= Felix Skowronek =

American flutist and professor (1935–2006)

Felix Skowronek (August 21, 1935 – April 17, 2006) was an American flutist and professor of music.

== Education ==
Skowronek studied in Seattle with Fred H. Wing and Frank Horsfall, and for a few summers with Donald Peck. He later studied with William Kincaid at the Curtis Institute of Music.

== Career ==
Skowronek played principal flute for the Seattle Symphony (1956–57 and 1959–60), Seventh Army Symphony (1957–59), Puerto Rico Symphony Orchestra (1960–66), and St. Louis Symphony (1966–68), and was a member of the Casals Festival orchestra in Puerto Rico. He was a founding member of the Soni Ventorum Wind Quintet.

He became a member of the faculty of the Conservatory of Music of Puerto Rico, followed by the University of Washington.
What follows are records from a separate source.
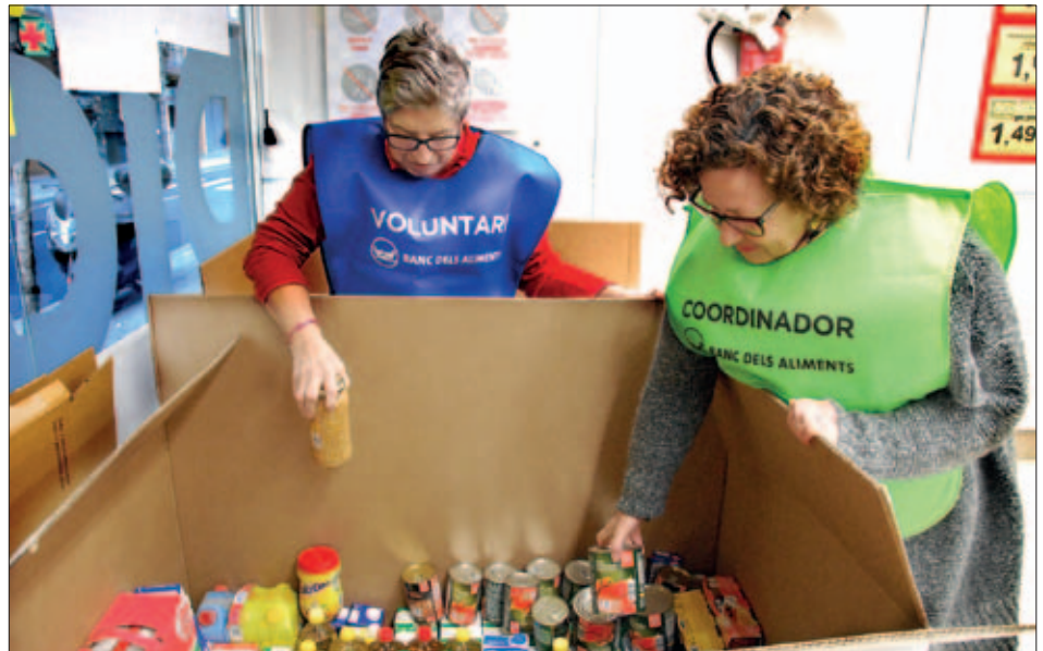
UN DELS PUNTS DE RECOLLIDA D'ALIMENTS

Els aliments recollits permetran atendre en bona part les necessitats bàsiques alimentàries de prop de 600 persones veïnes del poble, durant els propers 3 mesos.
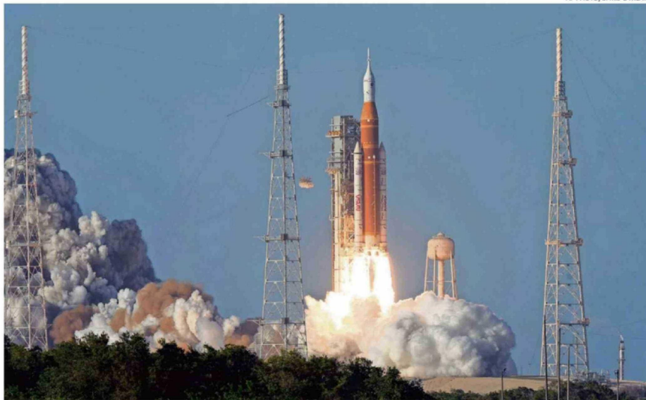
EL DESPEGUE OCURRIÓ SEGÚN LO PREVISTO, PASADAS LAS 19:30 HORAS EN CHILE.

NASA mantuvo una transmisión ininterrumpida del último amanecer sobre la Tierra de los tripulantes.
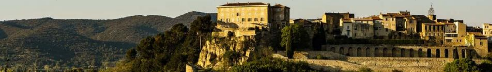
Lauris, village perché du Sud Luberon

Un maximum de balades avec un minimum d'efforts au cœur de cette magnifique région de la Provence, entre villages perchés, vignes et marchés provençaux.
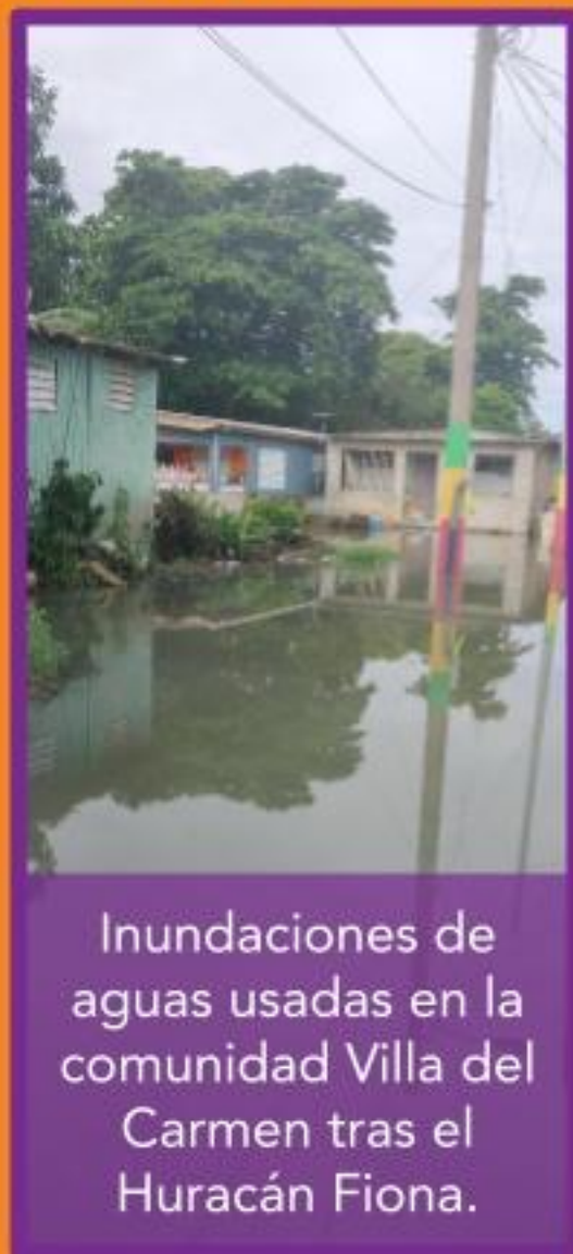
Inundaciones de aguas usadas en la comunidad Villa del Carmen tras el Huracán Fiona.
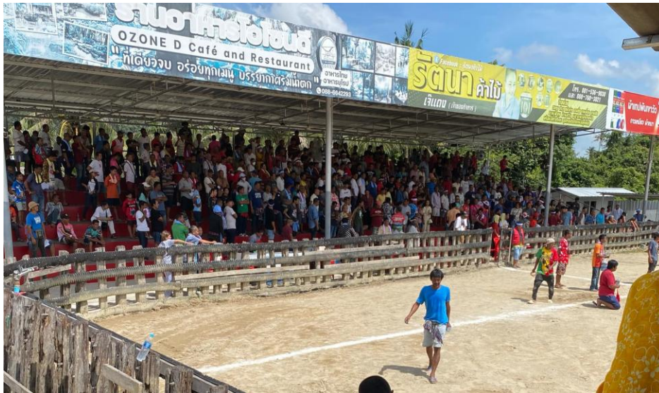
ภาพบรรยากาศในสนามวอลเลย์บอลแห่งหนึ่งโซนอัครินทร์ฝั่งซ้ายมือ

จากการสังเกตการณ์โดยภาพรวมนั้น พบว่า นักพนันมีทั้งคนวัยกลางคนและผู้สูงอายุเข้ามาเล่น และยังมีวัยรุ่นและผู้หญิงจำนวนหนึ่งเข้ามาในสนาม และเป็นที่น่าสนใจว่า มีเด็กเล็กตั้งแต่วัย 3 ขวบ จนถึง 10 กว่าปีเข้ามาสนามวอลเลย์บอล ซึ่งเด็กเล็กนั้นจะตามพ่อแม่เข้ามา ส่วนเด็กที่มีอายุในช่วง 10 กว่าปีมีที่นั่งอยู่รอบ ๆ สนามและเป็นทั้งเด็กเลี้ยงวัวที่เข้ามาดูแลวัวของตน

He also served as president of the National Flute Association and Seattle Flute Society.

He was a leading figure in the revival of wooden Boehm-style flutes in the USA. He was an expert in the use of various hardwoods in flute manufacturing. He was also a consultant with Verne Q. Powell Flutes Inc. in its attempt to reintroduce the wooden flute to the United States on a major scale.